Nos sensations contribuent également d’accroître ces espaces en floutant les limites entre le dedans et le dehors. Le titre, la semi-obscurité, les éléments auréolés de lumière et le son de Gobé font appel à nos sens. Nous sommes enveloppés d’une atmosphère vaporeuse où les idées ne sont pas enchaînées les unes aux autres. La réalité est floutée pour en faire une sorte de marécage éthéré dans laquelle on peut s’interroger sur sa présence au monde.
 

A l’instar des contes, Gobé stimule notre imaginaire. Or l’imagination, pour Albert Einstein, est plus importante que la connaissance. La connaissance étant limitée alors que l’imagination englobe le monde entier, stimule le progrès, suscite l’évolution (7) et comme le précisait Jean-Jacques Rousseau, le monde de la réalité a ses limites ; le monde de l’imagination est sans frontières.
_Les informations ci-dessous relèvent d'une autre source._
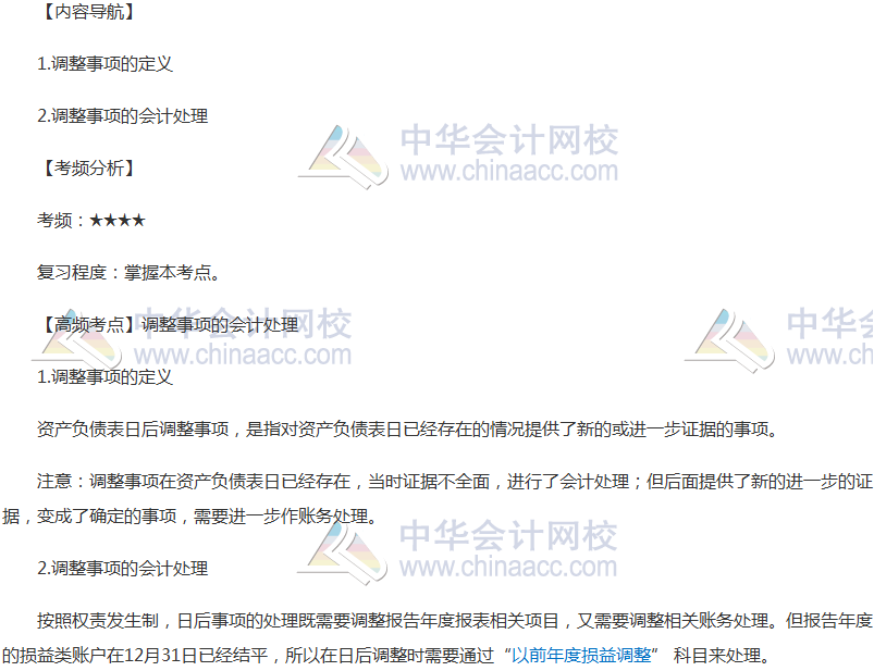 备考时间紧张,抓紧时间抓住重点备考注册会计师吧!正保会计网校教学老师为广大考生整理了高频考点,我们一起来学习2018《会计》高频考点:调整事项的会计处理。本考点属于《会计》第二十四章资产负债表日后事项第二节调整事项的会计处理的内容。

Elsa Guillaume nous invite bien à embarquer pour un voyage en des terres lointaines sans être pour autant si inconnues.

Leïla Simon, 2017

Pour voir le site de l'artiste cliquez ici

(1) Les découpes, un même élément découpé en morceaux, reviennent d’ailleurs régulièrement dans le travail d’Elsa
Guillaume (Succulente, Rodéo, Petrographie, pour n’en citer que quelques-unes).

(2) Je ne peux que vous recommander de lire le texte « Elsa Guillaume ou les tentations tentaculaires » de Marc Donnadieu,
2016.

 

(3) Gilbert Durand, « Structures anthropologiques de l’imaginaire », 1960.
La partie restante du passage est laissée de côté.